CLAIM:(note the edit at the bottom)
Let $X$ be a normed space, $\{x_1,x_2, \cdots \}\subseteq X$ a linearly independet subset and $\alpha_1,\alpha_2,\cdots \in\mathbb{R}$. Then there exists $f\in X^*$ such that $f(x_i)=\alpha_i$ for all $i\in\mathbb{N}$.
I know that this is an immediate consequence of Hahn-Banach's theorem. But I only know how to prove the claim when the linearly independent subset is finite, and the obvious generalization of this proof doesn't hold. I will enunciate from which version of HB's theorem I wish to prove the claim...
HB's Theorem:
Let $X$ be a normed space and $S\subseteq X$ a subspace.
Then, given $\varphi\in S^* $ there is $\widetilde{\varphi}\in X^*$ such that $\left.\widetilde{\varphi}\right|_S = \varphi\ $ and $\ \|\widetilde{\varphi}\|=\|\varphi\|$.

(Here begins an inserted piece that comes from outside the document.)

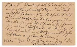 BRAHMS JOHANNES (1833-1897) - L.A.S. «J. Br.», [Wien 23 octobre 1886], à son éditeur Fritz SIMROCK à Berlin ; 1 page oblong in-12, adresse au verso (Correspondenz-Karte) ; en allemand.

Proof of the claim when the linearly independent subset is finite: Just consider $S=[x_1,\cdots,x_n]\subseteq X$ and use HB to extend $\varphi \in S^*$ defined by $\varphi(x_i)=\alpha_i$.
BUT, in the case when the linearly independent subset is $\{x_1,x_2, \cdots \}$ the linear function defined by $\varphi(x_i)=\alpha_i$ is not bounded, so it doesn't belong to $S^*$... and I couldn't prove the claim in another way :(
Could you help me?
Edit: so it happens that the claim is false, as pointed out by @peek-a-boo 's answer. So I'm searching for additional hypothesis on the real sequence $\{\alpha_n\}$. I could assume that it is bounded, or even that the series $\sum \alpha_n$ converges... but I still can't prove that the function which satisfies $\varphi(x_i)=\alpha_i$ is bounded.
Isn't the claim false? Suppose WLOG that $\{x_n\}_{n=1}^{\infty}$ is a collection of linearly independent unit vectors, and $\{\alpha_n\}_{n=1}^{\infty}$ is an unbounded sequence of real numbers (for example $\alpha_n=n$). Then, for any linear $f:X\to\Bbb{R}$ such that for each $n\in\Bbb{N}$, $f(x_n)=\alpha_n$, we have \begin{align} \sup_{x\in X, \|x\|=1}|f(x)|\geq \sup_{n\in\Bbb{N}}|f(x_n)|=\sup_{n\in\Bbb{N}}|\alpha_n|=\infty. \end{align} So, $f$ is unbounded.